Un altro anno è trascorso e l’industria del cinema coreano si ritrova più o meno nella stessa situazione della primavera del 2021. Tutto sommato, la Corea del Sud ha resistito alla pandemia meglio di molti altri paesi, ma andare al cinema è un’abitudine che molti cittadini hanno accettato di abbandonare nei momenti difficili. Non più tardi del 2019, la Corea del Sud aveva il più alto tasso di affluenza nelle sale di tutto il mondo, con una media di 4,37 film pro capite. Nel 2021, al contrario, l’affluenza è crollata all’1,17, e il quesito principale che si pone attualmente l’industria cinematografica coreana è cosa ci vorrà per far riprendere questa abitudine al grande pubblico.
Ritorniamo per un attimo al maggio del 2021. Gli studi cinematografici coreani e gli esercenti si trovavano di fronte a un dilemma.

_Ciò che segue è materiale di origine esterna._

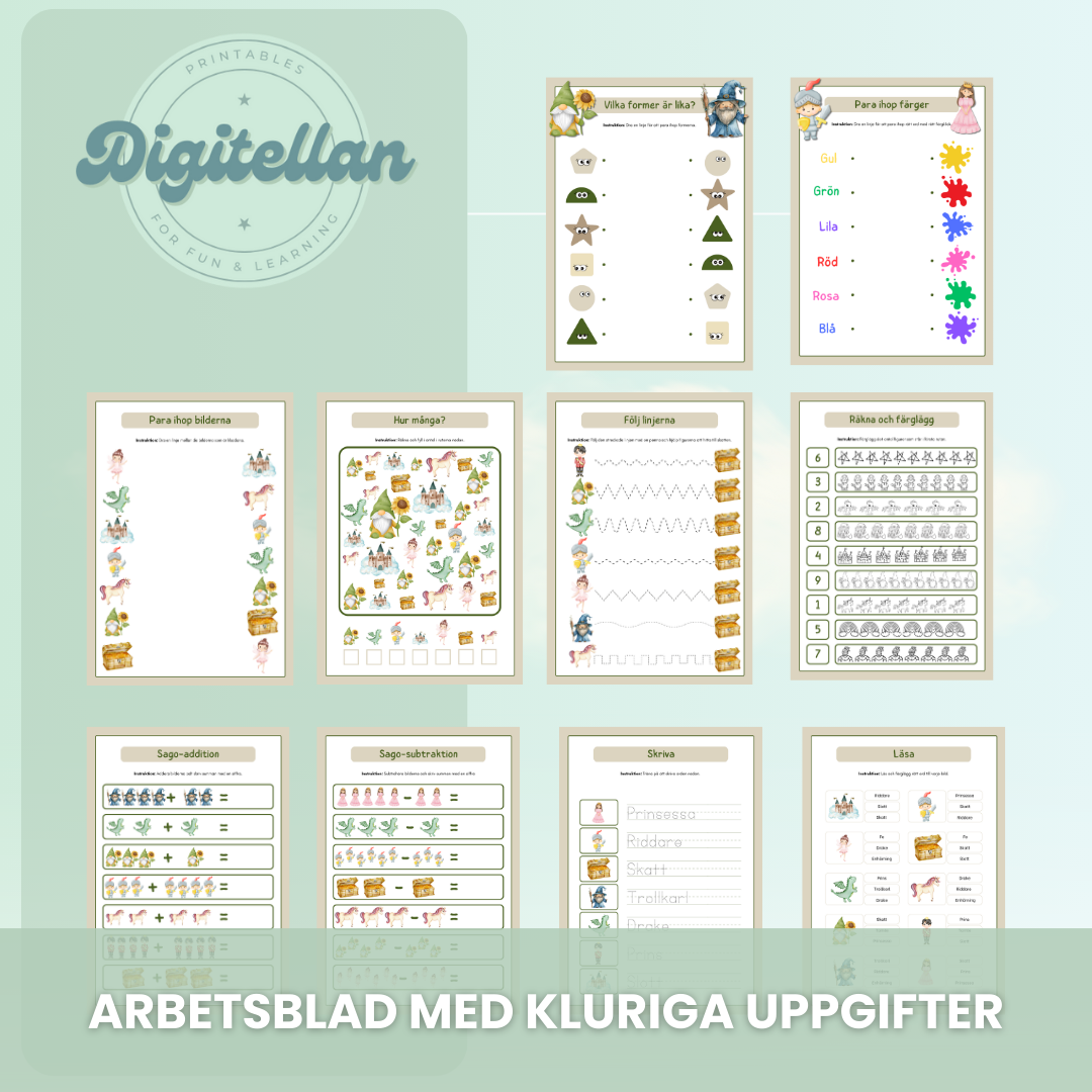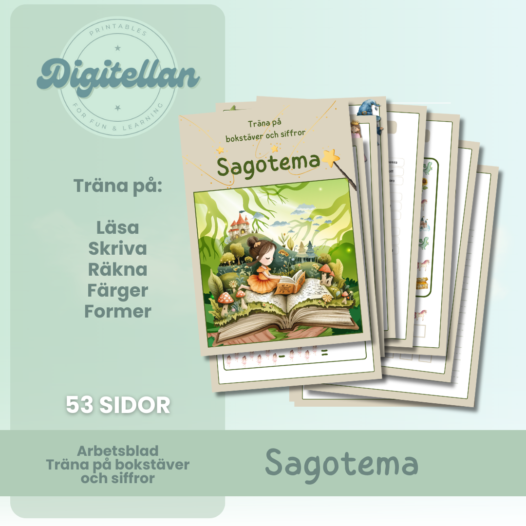 Häfte med 53 arbetsblad med tema Sagans värld

C’era grande incertezza, in quel momento: non si sapeva se ci sarebbe stata una qualche stagione estiva al botteghino, o se i cinema avrebbero continuato a rimanere vuoti anche durante i mesi tradizionalmente di punta di luglio e agosto. La primavera aveva offerto ben poco incoraggiamento, e film di alto profilo come The Book of Fish e Seobok avevano avuto risultati di molto inferiori alle aspettative. Eppure il ritorno imminente nei cinema dei blockbuster hollywoodiani dopo un anno di assenza dava almeno un po’ di speranza di rinascita parziale. Nessuno naturalmente si aspettava di ritornare ai livelli del 2019, ma la domanda era se avesse senso, a livello economico, far uscire in sala alcuni dei numerosi film coreani ad alto budget che erano rimasti intrappolati nel limbo dagli inizi del 2020.

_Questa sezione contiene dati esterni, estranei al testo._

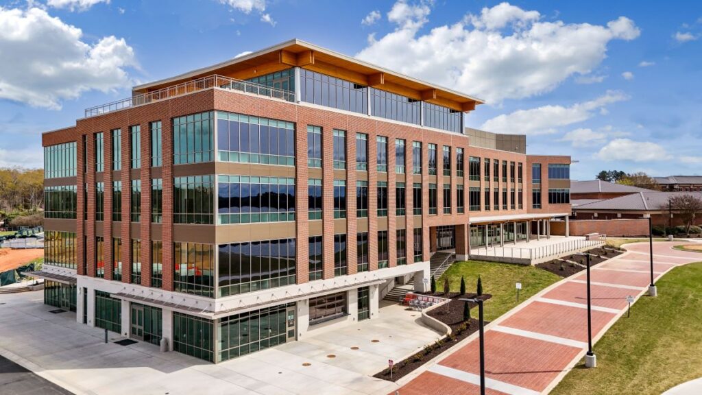 Clemson University’s new Nieri Family Alumni and Visitors Center sets a high standard for campus sustainability, design, and user experience. Located on the shores of Lake Hartwell next to the University’s Walker Golf Course, the five-story, 105,000-square-foot facility consolidates key student- and alumni-facing departments under one roof, creating a centralized hub that reflects the full Clemson journey.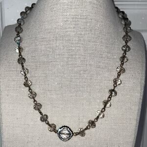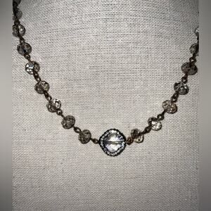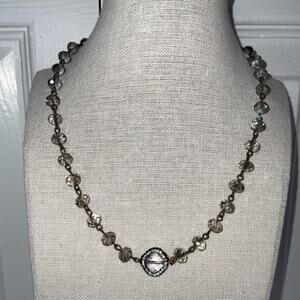 VTG CLEAR FACETED CRYSTAL BEADS CLOVER PENDANT NECKLACE 8”

È stato un po’ il problema dell’uovo e della gallina. L’unica cosa che probabilmente avrebbe portato al cinema spettatori di tutte le età era il battage pubblicitario, l’attenzione dei media e il fermento del passaparola che potevano essere forniti da un film locale ad alto budget. Per questo gli esercenti speravano che i distributori coreani avrebbero inserito nei loro listini estivi dei blockbuster. Ma dal punto di vista dei distributori era tremendamente rischioso far uscire film così costosi in tempi così incerti. Solo milioni di biglietti venduti avrebbero garantito la possibilità di fare dei guadagni ed è per questo che hanno preferito attendere che ci fossero segni più positivi al botteghino.

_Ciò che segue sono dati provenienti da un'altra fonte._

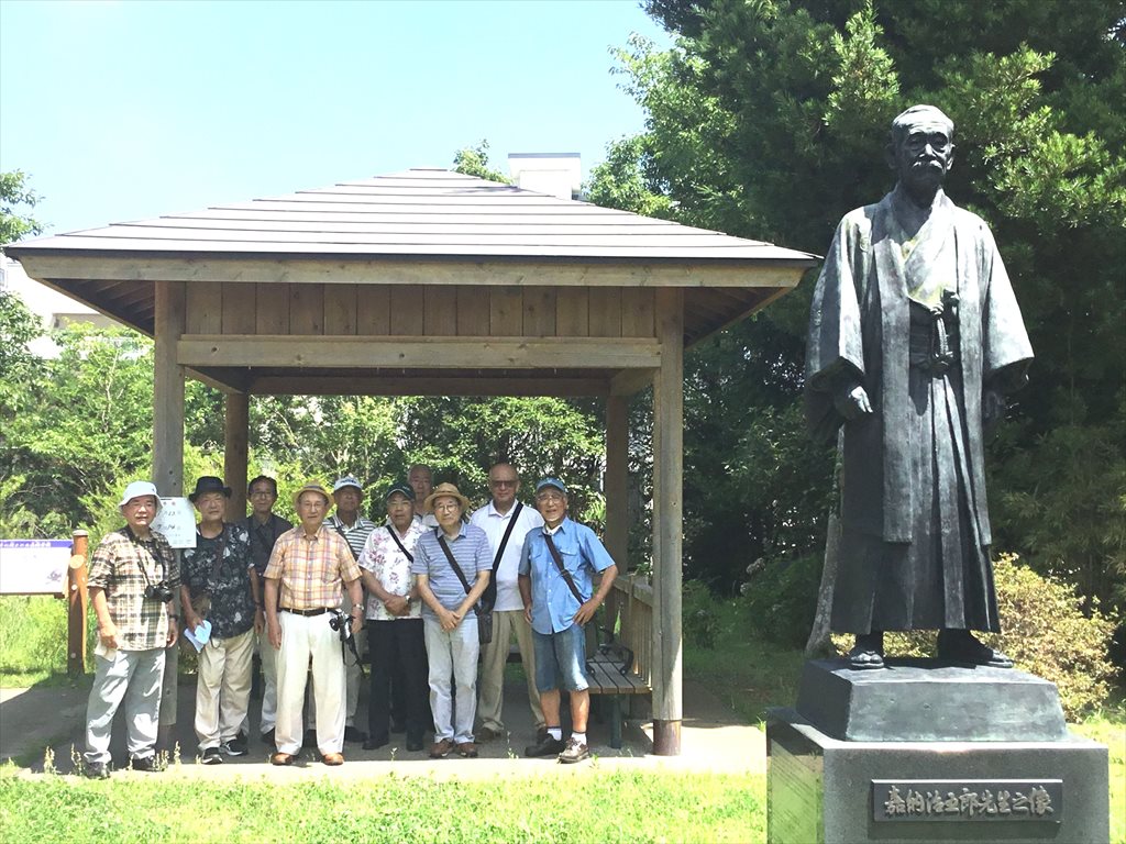 元気を付けようと入ったのが、我孫子の名店うなぎ屋『宇田川』さん。贅沢に特上うな重を全員で賞味し、気を取り直して『鳥の博物館』へ。メンバーの中では最年少の石和会員は入館料300円を払いましたが、それ以外のメンバー全員が70歳以上入館料免除の恩恵にあずかり、390種にも及ぶ鳥の剥製標本を見学しました。続いて道路向かいにある『水の館』を見学、最後は手賀沼公園の『平和の記念碑』で記念写真を撮り、我孫子駅に戻ってきました。猛暑の中での移動は市中バスをフルに利用し、メンバー最高齢83歳の吉野会員の体力を考え、熱中症に気を付けての漫友会でした。

In prima battuta, l’attenzione si è rivolta alle pellicole hollywoodiane in uscita a fine primavera. La prima di queste, Fast & Furious 9, ha venduto 2,3 milioni di biglietti verso la fine di maggio, mentre Crudelia della Disney, distribuita in sala nello stesso mese, ha venduto 1,2 milioni di biglietti. Tali cifre non erano poi così male, ma nemmeno particolarmente incoraggianti, così uno per uno, i distributori che avevano ipotizzato di far uscire dei film ad alto budget in estate, hanno annunciato che ci sarebbe stato un ulteriore posticipo.
È stato a questo punto che gli esercenti, con l’ansia di evitare un’estate fallimentare, hanno deciso di stringere un accordo. In tempi normali, i cinema trattengono all’incirca la metà dei guadagni derivanti dalle vendite di botteghino mentre l’altra metà va alla compagnia distributrice. Per l’estate del 2021, però, hanno concordato che le società cinematografiche coreane avrebbero avuto il 100% degli incassi fino al recupero dei costi di produzione del film. Una volta raggiunto il punto di pareggio, i guadagni sarebbero stati spartiti come al solito.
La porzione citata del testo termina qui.